To determine the full impact of a compromise the organization must inspect all supporting evidence regarding the incident, from log correlation and base-line monitoring to system and network artifacts.  Traditional investigative techniques such as relying on antivirus suites and rootkit detection tools or relying on perimeter alerts can adversely affect the speed of identification and containment, the integrity and availability of evidence, or lead to unidentified indicators of compromise.  Most notably, traditional incident response will most likely miss attackers that use valid credentials to access systems and sensitive data.

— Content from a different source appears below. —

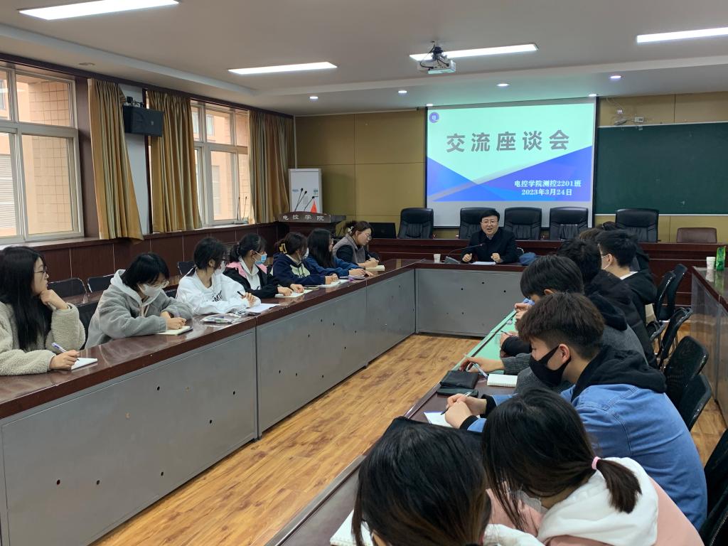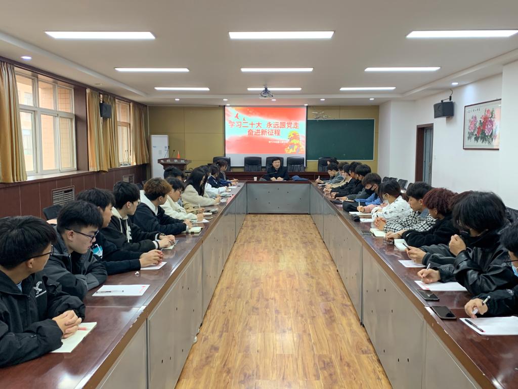 会上,王辉强首先带领师生共同学习了党的二十大报告和两会精神,结合报告中关于科技、教育、人才等方面的有关论述,给青年大学生讲解了,党和国家对教育、人才发展、就业等问题的关注,鼓励同学们抓住时代机遇,勇于承担时代重任,在新时代建功立业。他结合自己的经历对同学们提出三点建议:一是,树立远大理想,将个人价值的实现和建设社会主义现代化结合起来,树立正确是世界观、人生观、价值观;二是,做好人生规划,多读书、多实践,做有知识、有文化的新时代大学生。三是,要脚踏实地,正视人生遇到的挑战和挫折,勇于接受挑战,不负韶华,奋勇争先。随后,王辉强和同学们进行了亲切的座谈,了解他们的班级建设、思想状况、学习成绩等,对同学们提出的困难和疑惑进行了解答,帮助同学们正确认识知识和实践的辩证关系,指导同学们做好实践规划,度过精彩的大学时光。

Effective and efficient incident response teams combine intelligence, resources and technology to overcome the issues of traditional tools and techniques such as scope, correlation, speed and detection limitations.  For an organization to counter advanced threats, it requires a solution that can reach out to endpoints and network nodes and collect all indicators of compromise, reliably acquire and process evidence, understand the environment, and rapidly determine containment actions.